Nos tomamos demasiado en serio. Estamos tan absortos en nosotros mismos que nos creemos el centro del universo. Nos engañamos creyendo que nuestros problemas son los mayores y los únicos del mundo. Caminamos por este planeta muy poco tiempo, sin embargo nos tomamos tan en serio.

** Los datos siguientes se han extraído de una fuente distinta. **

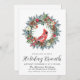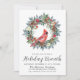 Impress your guests with this elegant Holiday party invitation. A red cardinal sits on the centre of a traditional pine wreath decorated with pinecones, berries and flowers. Christmas Party is written in a modern script. Your party details surround it. You'll easily have a professional invitation completed in minutes. This item is part of the Elegant Christmas Wreath Cardinal collection. It contains the templates you can use to create a unique invitation suite and coordinating party supplies.
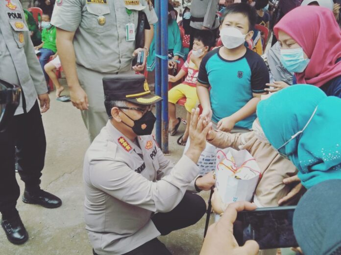 Sedikitnya, 200 anak di Desa Lambangsari mendapat vaksin yang diselenggarakan Polres Metro Bekasi.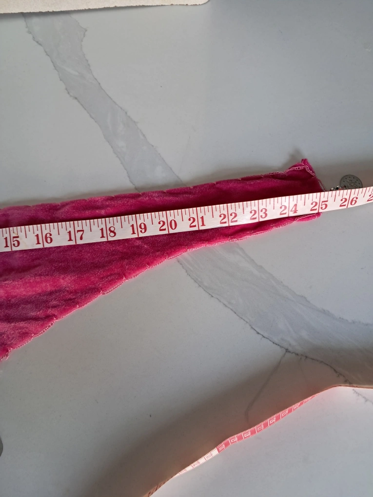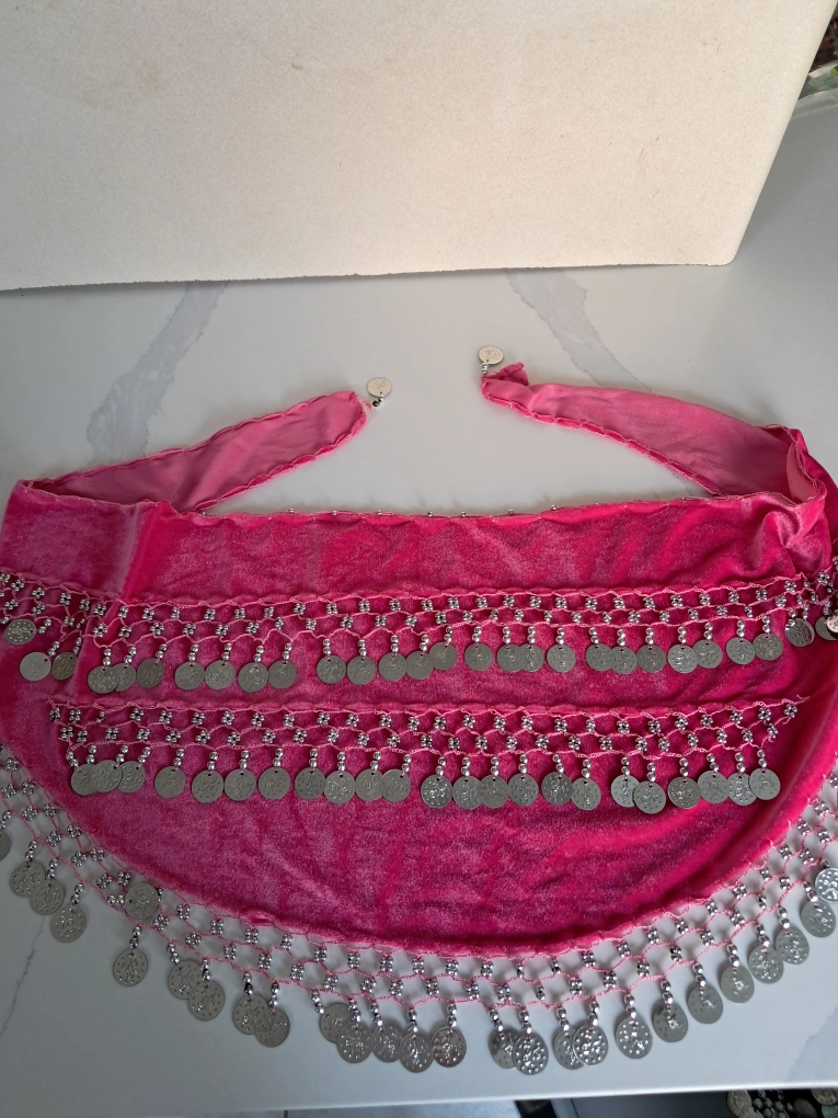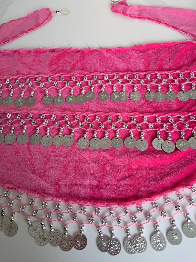 Pink velvet hip scarf. Features silver coin accents. Approximately 50 inches long. Great for belly dancing or costume.

Tenemos que desarrollar una mejor valoración de los dones en nuestra vida. Y si sabemos apreciar lo bueno que hay en nuestra vida, eso bueno va a crecer. Si aprecias el amanecer, se convertirá en una parte más valiosa de tu vida y le concederás más valor. Si aprecias a tus amigos, aumentará el valor de su amistad y valdrá más para ti. Si aprecias tu buena salud, resultará más valiosa en tu vida y la considerarás más importante. Mientras más te concentras en lo que es bueno en tu vida, más cosas buenas pareces atraer.

Vivir en un estado constante e interminable de gratitud hará que la experiencia de vivir resulte más valiosa y digna de vivirse. Cambiará tu manera de ver el mundo, gozarás mucho más con los pequeños placeres de la vida y podrás saborear las pequeñas bendiciones que cada día trae consigo.

Debes practicar la gratitud más a menudo. Hacerlo es otra manera de abrir el corazón y amar la vida. Practicar diariamente la gratitud es lo mismo que practicar el amor todos los días.